Saved entries:
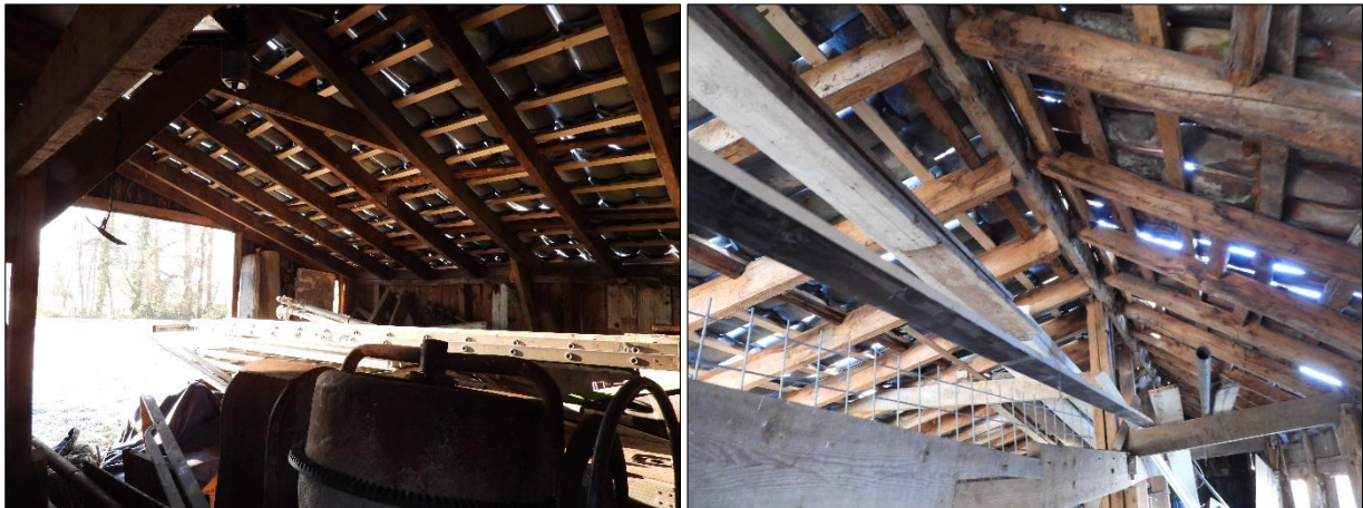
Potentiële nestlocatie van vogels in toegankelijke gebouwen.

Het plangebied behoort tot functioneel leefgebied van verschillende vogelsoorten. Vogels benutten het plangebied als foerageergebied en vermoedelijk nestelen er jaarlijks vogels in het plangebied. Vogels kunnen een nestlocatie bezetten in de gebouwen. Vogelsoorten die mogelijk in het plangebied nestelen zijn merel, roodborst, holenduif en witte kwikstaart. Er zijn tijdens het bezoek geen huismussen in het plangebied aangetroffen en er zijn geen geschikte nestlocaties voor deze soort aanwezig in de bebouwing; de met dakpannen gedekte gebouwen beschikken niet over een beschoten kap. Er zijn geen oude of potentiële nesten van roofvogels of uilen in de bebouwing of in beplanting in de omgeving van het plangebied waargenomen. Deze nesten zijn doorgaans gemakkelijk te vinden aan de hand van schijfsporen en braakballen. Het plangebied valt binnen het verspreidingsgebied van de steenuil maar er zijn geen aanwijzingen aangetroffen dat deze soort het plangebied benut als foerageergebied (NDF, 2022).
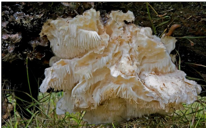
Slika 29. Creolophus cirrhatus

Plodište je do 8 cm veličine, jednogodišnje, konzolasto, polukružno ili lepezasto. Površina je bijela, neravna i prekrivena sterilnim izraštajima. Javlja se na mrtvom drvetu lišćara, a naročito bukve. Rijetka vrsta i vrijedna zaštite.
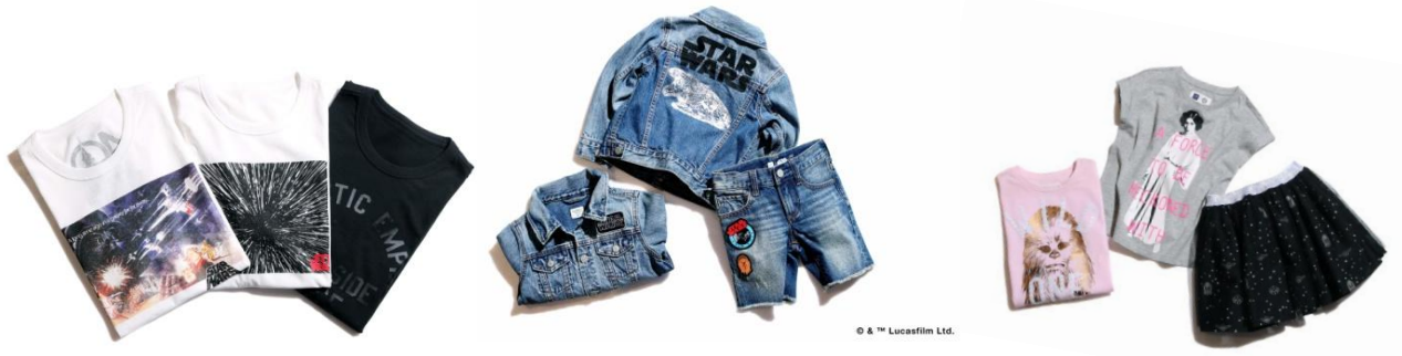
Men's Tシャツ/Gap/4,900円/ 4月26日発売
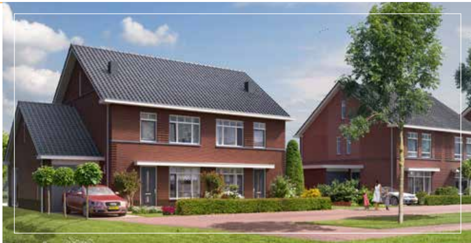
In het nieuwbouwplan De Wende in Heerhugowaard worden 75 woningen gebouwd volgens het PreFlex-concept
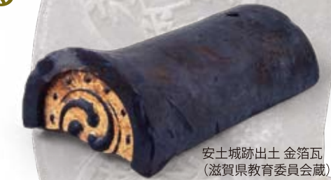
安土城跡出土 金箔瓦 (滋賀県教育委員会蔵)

--

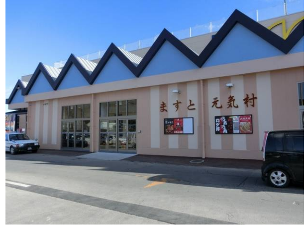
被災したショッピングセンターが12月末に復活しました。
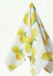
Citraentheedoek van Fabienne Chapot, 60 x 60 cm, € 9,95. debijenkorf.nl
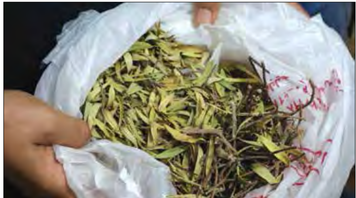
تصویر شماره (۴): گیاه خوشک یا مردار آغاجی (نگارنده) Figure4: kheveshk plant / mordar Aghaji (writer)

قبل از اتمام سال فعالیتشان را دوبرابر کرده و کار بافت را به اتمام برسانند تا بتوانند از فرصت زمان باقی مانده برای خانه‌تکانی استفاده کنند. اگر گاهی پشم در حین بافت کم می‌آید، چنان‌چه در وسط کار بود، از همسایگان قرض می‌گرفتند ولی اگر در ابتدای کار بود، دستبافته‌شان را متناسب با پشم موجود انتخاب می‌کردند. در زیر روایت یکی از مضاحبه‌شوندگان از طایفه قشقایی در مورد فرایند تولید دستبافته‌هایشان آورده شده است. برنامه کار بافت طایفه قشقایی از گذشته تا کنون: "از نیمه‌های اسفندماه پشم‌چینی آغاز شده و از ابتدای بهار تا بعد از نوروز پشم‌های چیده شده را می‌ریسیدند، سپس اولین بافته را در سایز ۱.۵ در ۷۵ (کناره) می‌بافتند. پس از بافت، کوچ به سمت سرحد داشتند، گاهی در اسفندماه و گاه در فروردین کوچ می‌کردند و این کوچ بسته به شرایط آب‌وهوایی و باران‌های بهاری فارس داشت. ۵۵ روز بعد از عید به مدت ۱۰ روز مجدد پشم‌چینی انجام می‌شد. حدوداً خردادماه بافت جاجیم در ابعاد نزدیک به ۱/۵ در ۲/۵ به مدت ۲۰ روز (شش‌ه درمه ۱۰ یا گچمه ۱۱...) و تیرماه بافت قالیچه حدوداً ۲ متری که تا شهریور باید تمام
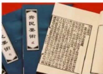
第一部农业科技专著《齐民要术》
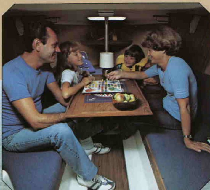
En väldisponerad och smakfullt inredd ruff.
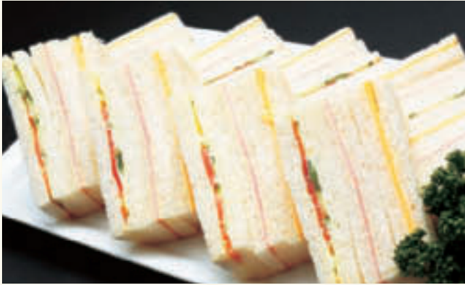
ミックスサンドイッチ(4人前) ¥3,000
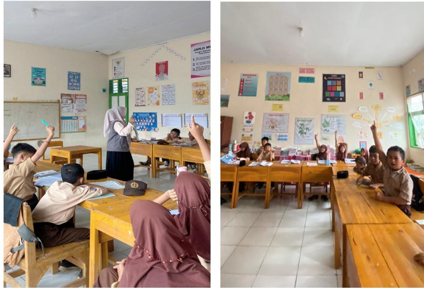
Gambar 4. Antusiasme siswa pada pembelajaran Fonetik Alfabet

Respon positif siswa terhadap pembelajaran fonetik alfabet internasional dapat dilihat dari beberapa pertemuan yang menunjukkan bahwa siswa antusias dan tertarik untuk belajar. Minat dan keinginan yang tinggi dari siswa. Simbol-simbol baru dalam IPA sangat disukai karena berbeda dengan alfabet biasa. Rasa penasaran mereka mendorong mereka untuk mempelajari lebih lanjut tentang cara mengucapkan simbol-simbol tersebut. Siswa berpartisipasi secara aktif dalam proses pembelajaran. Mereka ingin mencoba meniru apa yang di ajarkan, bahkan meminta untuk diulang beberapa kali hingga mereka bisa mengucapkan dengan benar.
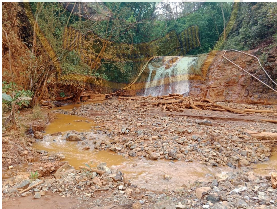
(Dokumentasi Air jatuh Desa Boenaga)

TASK REQUIREMENTS:
Copy out exactly the lines above beginning with the line that contains "قبل از اتمام" and finishing with the line that contains "Respon positif siswa", including both; leave the pictures out.

YOUR RESPONSE:
قبل از اتمام سال فعالیتشان را دوبرابر کرده و کار بافت را به اتمام برسانند تا بتوانند از فرصت زمان باقی مانده برای خانه‌تکانی استفاده کنند. اگر گاهی پشم در حین بافت کم می‌آید، چنان‌چه در وسط کار بود، از همسایگان قرض می‌گرفتند ولی اگر در ابتدای کار بود، دستبافته‌شان را متناسب با پشم موجود انتخاب می‌کردند. در زیر روایت یکی از مضاحبه‌شوندگان از طایفه قشقایی در مورد فرایند تولید دستبافته‌هایشان آورده شده است. برنامه کار بافت طایفه قشقایی از گذشته تا کنون: "از نیمه‌های اسفندماه پشم‌چینی آغاز شده و از ابتدای بهار تا بعد از نوروز پشم‌های چیده شده را می‌ریسیدند، سپس اولین بافته را در سایز ۱.۵ در ۷۵ (کناره) می‌بافتند. پس از بافت، کوچ به سمت سرحد داشتند، گاهی در اسفندماه و گاه در فروردین کوچ می‌کردند و این کوچ بسته به شرایط آب‌وهوایی و باران‌های بهاری فارس داشت. ۵۵ روز بعد از عید به مدت ۱۰ روز مجدد پشم‌چینی انجام می‌شد. حدوداً خردادماه بافت جاجیم در ابعاد نزدیک به ۱/۵ در ۲/۵ به مدت ۲۰ روز (شش‌ه درمه ۱۰ یا گچمه ۱۱...) و تیرماه بافت قالیچه حدوداً ۲ متری که تا شهریور باید تمام
第一部农业科技专著《齐民要术》
En väldisponerad och smakfullt inredd ruff.
ミックスサンドイッチ(4人前) ¥3,000
Gambar 4. Antusiasme siswa pada pembelajaran Fonetik Alfabet

Respon positif siswa terhadap pembelajaran fonetik alfabet internasional dapat dilihat dari beberapa pertemuan yang menunjukkan bahwa siswa antusias dan tertarik untuk belajar. Minat dan keinginan yang tinggi dari siswa. Simbol-simbol baru dalam IPA sangat disukai karena berbeda dengan alfabet biasa. Rasa penasaran mereka mendorong mereka untuk mempelajari lebih lanjut tentang cara mengucapkan simbol-simbol tersebut. Siswa berpartisipasi secara aktif dalam proses pembelajaran. Mereka ingin mencoba meniru apa yang di ajarkan, bahkan meminta untuk diulang beberapa kali hingga mereka bisa mengucapkan dengan benar.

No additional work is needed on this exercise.